Allen zeggen dit. Allen erkennen dit. Voor allen staat het vast.

En er wordt niets gedaan.

Een half jaar revolutie is verstreken. De catastrofe is nog dichterbij gekomen. De werkloosheid heeft een massale omvang aangenomen. Denkt men zich toch eens in: het land is zonder waren, het land gaat wegens gebrek aan producten, wegens gebrek aan arbeidskrachten te gronde, hoewel er voldoende hoeveelheden graan en grondstoffen voorhanden zijn — en in zo’n land, op zo’n kritiek ogenblik ontstaat er een massale werkloosheid! Wat voor bewijzen zijn er dan nog nodig om te laten zien dat gedurende het half jaar revolutie (die door sommigen de grote revolutie wordt genoemd, maar die voorshands met meer recht een ‘rotte’ revolutie genoemd zou kunnen worden) in een democratische republiek, bij een overvloed van verenigingen, organen en instellingen die zich trots ‘revolutionair-democratisch’ noemen, praktisch absoluut niets ernstigs tegen de catastrofe, tegen de hongersnood is gedaan?

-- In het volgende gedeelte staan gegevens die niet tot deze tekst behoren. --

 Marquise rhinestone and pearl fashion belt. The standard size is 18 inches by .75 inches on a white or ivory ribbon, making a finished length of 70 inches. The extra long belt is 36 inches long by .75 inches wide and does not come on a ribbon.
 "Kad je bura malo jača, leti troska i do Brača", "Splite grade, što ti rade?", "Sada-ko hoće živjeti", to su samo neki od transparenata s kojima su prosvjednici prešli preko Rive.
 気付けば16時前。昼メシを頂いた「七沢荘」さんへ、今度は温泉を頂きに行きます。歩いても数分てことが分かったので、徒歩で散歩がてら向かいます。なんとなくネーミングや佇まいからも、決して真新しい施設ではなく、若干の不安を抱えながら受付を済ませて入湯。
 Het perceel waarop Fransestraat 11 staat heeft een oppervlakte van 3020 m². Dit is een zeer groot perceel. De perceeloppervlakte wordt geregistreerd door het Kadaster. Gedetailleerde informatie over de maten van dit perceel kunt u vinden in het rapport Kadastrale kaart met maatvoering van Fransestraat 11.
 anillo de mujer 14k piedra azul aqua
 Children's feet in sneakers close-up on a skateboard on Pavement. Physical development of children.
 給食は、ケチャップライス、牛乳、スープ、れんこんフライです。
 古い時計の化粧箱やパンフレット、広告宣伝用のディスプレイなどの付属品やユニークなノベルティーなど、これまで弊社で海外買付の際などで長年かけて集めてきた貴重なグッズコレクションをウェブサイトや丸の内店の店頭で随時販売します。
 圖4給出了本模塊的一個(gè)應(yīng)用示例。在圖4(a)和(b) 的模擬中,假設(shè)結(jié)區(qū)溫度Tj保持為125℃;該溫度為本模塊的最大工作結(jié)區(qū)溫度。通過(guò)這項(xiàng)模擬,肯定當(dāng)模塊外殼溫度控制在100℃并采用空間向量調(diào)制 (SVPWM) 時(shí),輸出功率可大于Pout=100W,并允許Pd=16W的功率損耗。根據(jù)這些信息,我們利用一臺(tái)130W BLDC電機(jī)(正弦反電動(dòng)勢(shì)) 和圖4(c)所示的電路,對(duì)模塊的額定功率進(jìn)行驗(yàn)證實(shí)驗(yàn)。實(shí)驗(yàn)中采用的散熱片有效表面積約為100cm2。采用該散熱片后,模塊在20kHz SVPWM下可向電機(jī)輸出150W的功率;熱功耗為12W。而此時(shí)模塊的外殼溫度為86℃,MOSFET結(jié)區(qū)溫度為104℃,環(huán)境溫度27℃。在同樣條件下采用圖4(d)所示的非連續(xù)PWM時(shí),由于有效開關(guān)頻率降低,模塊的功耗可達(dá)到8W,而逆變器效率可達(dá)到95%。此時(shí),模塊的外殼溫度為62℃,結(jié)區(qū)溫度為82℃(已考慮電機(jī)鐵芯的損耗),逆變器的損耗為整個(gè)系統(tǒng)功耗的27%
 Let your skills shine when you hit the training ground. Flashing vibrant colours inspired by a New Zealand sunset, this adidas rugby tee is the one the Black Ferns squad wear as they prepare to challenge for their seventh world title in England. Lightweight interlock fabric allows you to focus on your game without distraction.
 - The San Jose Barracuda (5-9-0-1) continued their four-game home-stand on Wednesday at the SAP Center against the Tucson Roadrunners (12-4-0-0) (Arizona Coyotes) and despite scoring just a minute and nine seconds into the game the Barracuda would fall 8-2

We naderen steeds sneller de ineenstorting, want de oorlog wacht niet en de door de oorlog teweeggebrachte ontwrichting op alle gebieden van het volksleven neemt steeds scherpere vormen aan.

Een klein beetje aandacht en wat nadenken zijn trouwens voldoende om zich ervan te overtuigen dat er middelen tot het bestrijden van de catastrofe en van de honger voorhanden zijn, dat de maatregelen om de strijd ertegen aan te binden volstrekt duidelijk en eenvoudig zijn, volkomen uitvoerbaar en ten volle overeenkomen met de krachten van het volk, en dat deze maatregelen alleen en uitsluitend daarom niet getroffen worden, omdat de uitvoering ervan de fabelachtige winsten van een handjevol grootgrondbezitters en kapitalisten zou aantasten.

Inderdaad. Men kan er staat op maken dat er geen enkele redevoering, geen enkel artikel in een krant van ongeacht welke richting, geen enkele resolutie van ongeacht welke vergadering of instelling te vinden is, waarin niet heel duidelijk en uitdrukkelijk gewag gemaakt wordt van de voornaamste en belangrijkste maatregel voor het bestrijden en afwenden van de catastrofe en van de honger. Deze maatregel is: controle, toezicht, registratie, regulering door de staat, een juiste verdeling van arbeidskrachten over de productie en distributie, spaarzaam zijn met de krachten van het volk, het vermijden van elke overbodige krachtsinspanning, zuinig omgaan met de krachten. Controle, toezicht, registratie — dat is een allereerste vereiste in de strijd tegen de catastrofe en tegen de hongersnood. Dat wordt niet betwist en is algemeen erkend. Maar juist dit wordt niet gedaan uit vrees de almacht van de grootgrondbezitters en kapitalisten, hun mateloze, ontzaglijke, schandalige winsten aan te tasten, winsten die opgestreken worden als gevolg van de duurte en door leveranties aan het leger (en voor de oorlog ‘werken’ thans, direct of indirect, nagenoeg allen), winsten waarvan iedereen op de hoogste is, die iedereen waarneemt en waarover allen ach en wee klagen.

En de staat doet niets, maar dan ook helemaal niets om tot een enigszins serieuze controle, registratie en toezicht te komen.